Beyond Roads and Track
Although seeing a 2-hour marathon excites running fans, the long-term value for all of creating digital twins and simulations of the heart is improved medical care and health. For her part, Linden understands this is about more than athletic achievements and appreciates the importance of the study.
“It’s all encompassing. First, I just want to see how it works and be able to show that this is a great concept and more people should have it done. For me, if we can show how training works and avoid things like overtraining, see what workouts and what type of work is giving us the best bang for a buck, in terms of improvement—if those things are able to show through, I think that would be groundbreaking and would really personalize training to a whole different level,” the runner said.
“But beyond that, I turned 40 this year and I just want to be healthy. If there’s tweaks I can make in my lifestyle and we see those as well, I think health and wellness is probably the thing that’s going to extend to everybody else. It’s a small number of people who are looking for tweaks in training; everyone can benefit from health and wellness. So that’s the big thing for me.”

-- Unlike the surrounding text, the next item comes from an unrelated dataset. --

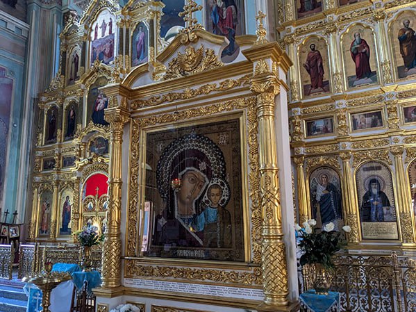 Как мне удалось узнать, у этой женщины есть дочь, которая родилась с серьезными дефектами по зрению, и весь отроческий период была практически слепой. Ее мама, украшая икону, молилась за свое чадо, и глазки больной девочки постепенно восстановились. После Фотиния уже с помощниками подобным образом украсила центральный иконостас, а ее девочка тем временем совсем повзрослела, встретила молодого человека и благополучно вышла замуж.

The development of digital twins for healthcare is still in its early stages, but as computing power increases and artificial intelligence improves, this technology could fuel more personalized medical solutions. Medical care now remains a reactionary field—you feel sick, you go to the doctor. The doctor treats you based on their own personal experience and intuition with an approach that is not necessarily based on the patient’s internal body structure and genetics. Heart attacks can occur suddenly and with little warning.
A world where a digital twin of each at-risk person’s heart is created and then monitored continuously using artificial intelligence does not seem like a stretch as technology improves. Expanding beyond heart health is also on the horizon. Digital twins have untapped potential across virtually every industry, but their greatest impact on humanity may yet come in the healthcare field.